A model of a sulfur atom is quite complex to make in three dimensions, but it can be readily created as a two-dimensional, cross-sectional model. The sulfur atom has 16 protons, 16 neutrons and 16 electrons in three different energy levels, or orbits. Physics suggests that electrons do not physically exist as "points," but teachers use the Bohr atom model with fixed electrons as a way to simplify atomic structure. Creating the model requires the ability to cut with scissors and use glue.

    Wear a pair of surgical gloves. Place 16 red and 16 black pieces of candy, representing protons and neutrons, into a bowl and add some quick-setting glue. Using your hands, squeeze the candy into a ball, representing the nucleus. Roll the nucleus between your hands until the glue holds it together. Let it dry thoroughly for about 30 seconds.

    Mark a small dot in the center of a large sheet of cardboard with a pencil. Place the nucleus of the atom on the dot and make a small pencil mark just beyond its outer edge. Remove the nucleus and use a compass to draw a circle, centered on the dot, slightly larger than the nucleus.

    Draw three more circles around the nucleus sphere, each line forming a circle three inches wider than the previous one. The finished diagram consists of a central circle and three concentric, equidistant, bands around it.
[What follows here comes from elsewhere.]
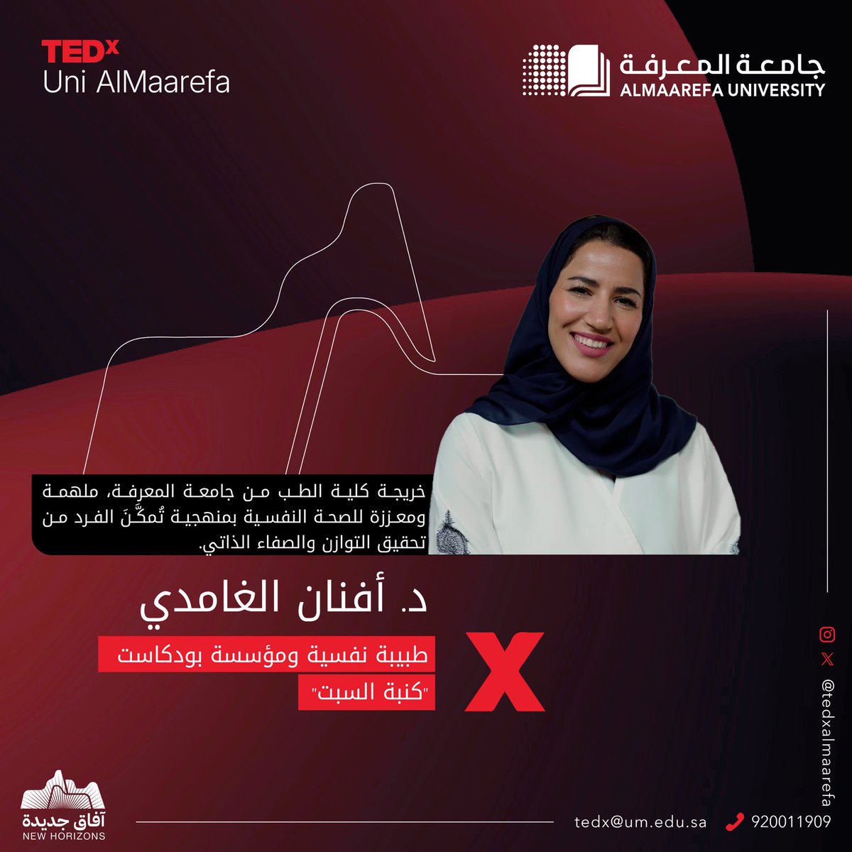 طبيبة مختصة في الصحة النفسية، ومؤلفة، وإعلامية، خَبَرت النفس البشرية علما وسلوكا؛ فنفذت إليها تأثيرا وإلهاما. في #تيدكس_المعرفة، د. أفنان الغامدي @AfnanGh93 تحدثكم حديث النفس للنفس؛ فكونوا في الموعد. (السبت 23 نوفمبر، جامعة المعرفة، 03:30 عصرا) #آفاق_جديدة للتسجيل: https://t.co/MW9IeLZhh6

    Paint each circle a different color. For example, paint the central circle yellow, then use different shades of blue to paint each of the surrounding rings a different color. Let the paint dry before progressing to the next step.

    Glue the nucleus ball in the middle of the central circle. Sulfur has two electrons in the inner ring, called the "first energy level," so stick two small pieces of black candy in the first ring around the nucleus. There are eight electrons in the next energy level, so glue eight pieces of black candy within the next ring. The final six electrons are in the outer, third energy level ring, so glue six more in the last ring.

    Glue the remaining pieces of candy in a line to one side of the sulfur atom model, then label them as "proton," "neutron" and "electron."

    Tips

    • If you prefer not to use quick-setting glue, coat the candy in PVA glue and press them into a lightly oiled, round-bottomed container. Let the glue dry, then tip out the candy as a solid lump.

    Warnings

    • Do not use quick-setting glue with bare hands. It changes from liquid to solid very quickly, leaving you attached to a ball of candy, or worse, attached to the table. It may also irritate the skin.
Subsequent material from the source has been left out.